The brake system in your truck or car is a complicated one. It has multiple elements that, when working together properly, make for better road safety. To ensure they are always maintained at peak performance, consider regularly bringing your vehicle in for a thorough inspection and expert break repair services in Chantilly, VA. In this blog from Casey’s Automotive, we will explore how the brake system works, and what can cause the pedal to feel spongy when pressed.
How Brake Systems Work
Most systems are hydraulic, which is important given hydraulic systems are great for hundreds of pounds of pressure without compressing and losing the pressure. For the simplest description of how they work, when you press on the brake pedal the booster helps the driver apply hundreds of pounds of pressure to the hydraulic components.

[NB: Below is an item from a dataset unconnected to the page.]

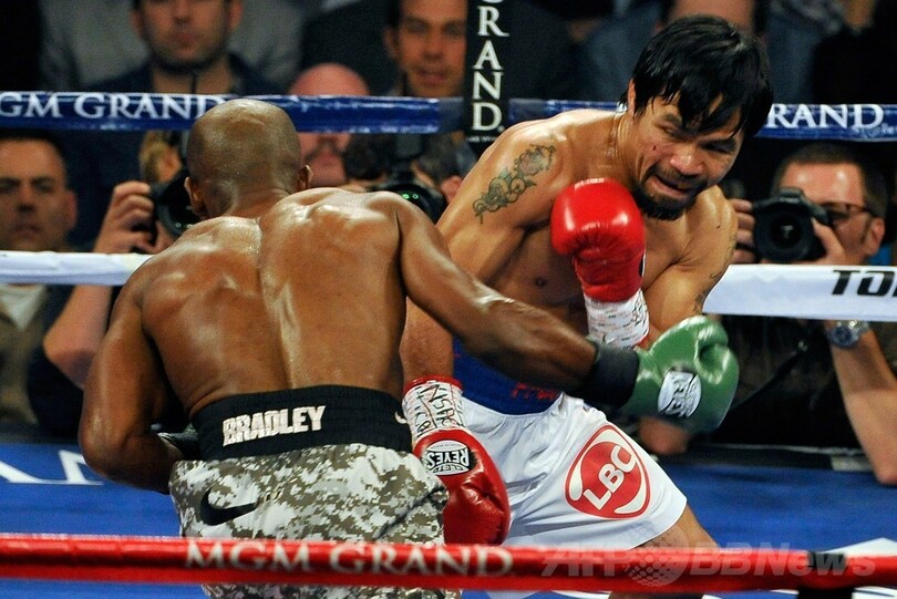 【4月13日 AFP】ボクシング、WBO世界ウェルター級タイトルマッチ12回戦が12日、米ネバダ(Nevada)州ラスベガス(Las Vegas)のMGMグランド・ガーデン・アリーナ(MGM Grand Garden Arena)で行われ、マニー・パッキャオ(Manny Pacquiao、フィリピン)が判定の末3-0(118-110、116-112、116-112)でティモシー・ブラッドリー(Timothy Bradley、米国)を下し、王座を獲得した。
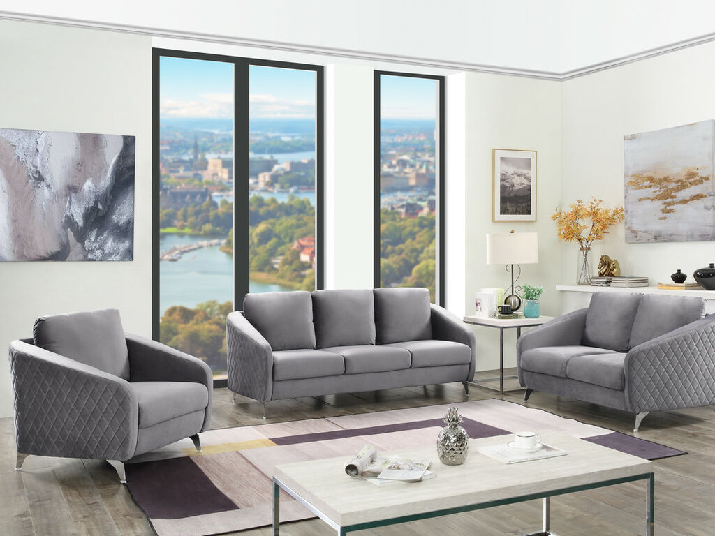 Source: 89720 2 pc Sofia grey velvet fabric diamond pattern sofa and love seat set with metal legs

The hydraulic system, (brake master cylinder) pushes fluid down towards the brake calipers and wheel cylinders via the brake lines. The pistons within these components are what apply the brake pads and or shoes to the rotating brake disc and brake drums. When you release your foot from the brake pedal, the booster relieves pressure to the master cylinder and fluid can return to the brake fluid reservoir.
What is a Spongy Brake Pedal?
Under proper conditions, your brake pedal should always feel firm. The harder you push it, the more firm it should become. You might have asked yourself, why do my brakes feel spongy? While there are many common symptoms of failed brake components, one of them is a spongy brake pedal. Here’s what to expect. While pushing down on the brake pedal, instead of all the pressure going to the brake pistons some will leak out and you will experience a pedal that goes to the floor. Then, when releasing the brake pedal, the returning motion will suck in air. Once the air is introduced to the system the brake hydraulics are no longer able to create the needed pressure to apply your brakes. This will cause a fading brake pedal that is often described as a spongy brake pedal.

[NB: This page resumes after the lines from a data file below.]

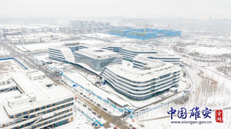 航拍中国星网总部项目雪景。中国雄安官网李鑫 摄
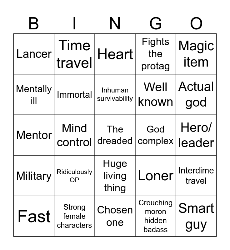 This bingo card has a free space and 29 words: Fast, Dies, Mind control, Big guy, Lancer, Heart, Immortal, Ridiculously OP, God complex, Strong female characters, Hero/ leader, Smart guy, Chosen one, Crouching moron hidden badass, Actual god, Prodigy, Huge living thing, Military, Magic item, Mentor, Loner, Privileged, Well known, Mentally ill, Fights the protag, Time travel, Interdime travel, Inhuman survivability and Energy beam.
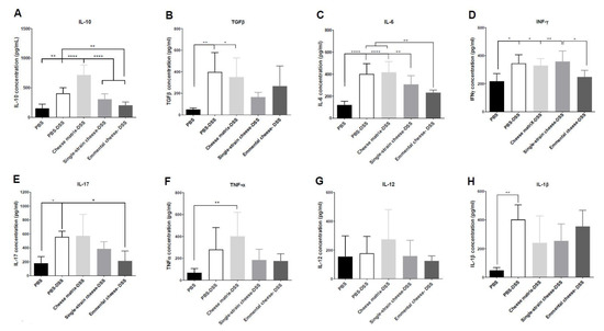 The concentration of pro-inflammatory and anti-inflammatory cytokines in the colonic tissues was assessed in all mice groups by ELISA quantification (Figure 8.). DSS-induced colitis increased IL-10 secretion, compared to the healthy group (Figure 8A). The cheese matrix intake further enhanced secretion of IL-10 during DSS-induced colitis, compared to the healthy group (Figure 8A). However, fermented cheeses consumption reduced IL-10 induction (Figure 8A). DSS-induced colitis increased TGFβ secretion in the PBS-DSS and the cheese matrix-DSS groups (Figure 8B). The Emmental cheese and the single-strain cheese ingestion did not influence significantly TGFβ secretion, compared to the DSS-PBS and the healthy groups (Figure 8B). Concerning IL-6, its concentration was increased during colitis, while this increase was prevented by Emmental cheese consumption (Figure 8C). Similarly, only Emmental cheese attenuated IFNγ secretion induced by the DSS-induced colitis (Figure 8D). DSS-induced colitis increased IL-17 secretion, compared to the healthy group, which is exacerbated by the cheese matrix intake (Figure 8E). Only Emmental cheese was able (p < 0.05) to decrease IL-17 secretion, compared to the PBS-DSS group (Figure 8E). DSS-induced colitis induced a significant increase of TNFα only in the cheese matrix group (Figure 8F). DSS-induced colitis did not induce significant change in IL-12 secretion, compared to the healthy group (Figure 8G). Cheese intake did not either alter significantly IL-12 secretion, compared to healthy group (Figure 8G). Finally, DSS-induced colitis increased IL-1β secretion compared to the healthy group, and this was not attenuated by the Emmental cheese intake (Figure 8H).

Most of the time this represents a hydraulic problem. There is a compromise in your brake hydraulic system causing it to leak brake fluid out while allowing air to get into the system of your car or truck.
Other Causes for Spongy Brakes
Another cause is sticking brake slides, pins, and other moving parts. Your brakes are only millimeters away from the braking surface under normal operation when the brake is applied. This short travel allows for quick and smooth operation. If one of the pins in the brake caliper is stuck when you apply the brakes, it will have longer to travel causing late braking and a spongy pedal. These moving parts should be inspected regularly and lubricated to help keep this from happening. Whenever a brake job is completed these parts should be either replaced if they are worn or if they are still in good shape, they can be cleaned and lubricated and reused. Your automotive shop in Chantilly, VA, can help you decide the right action to take.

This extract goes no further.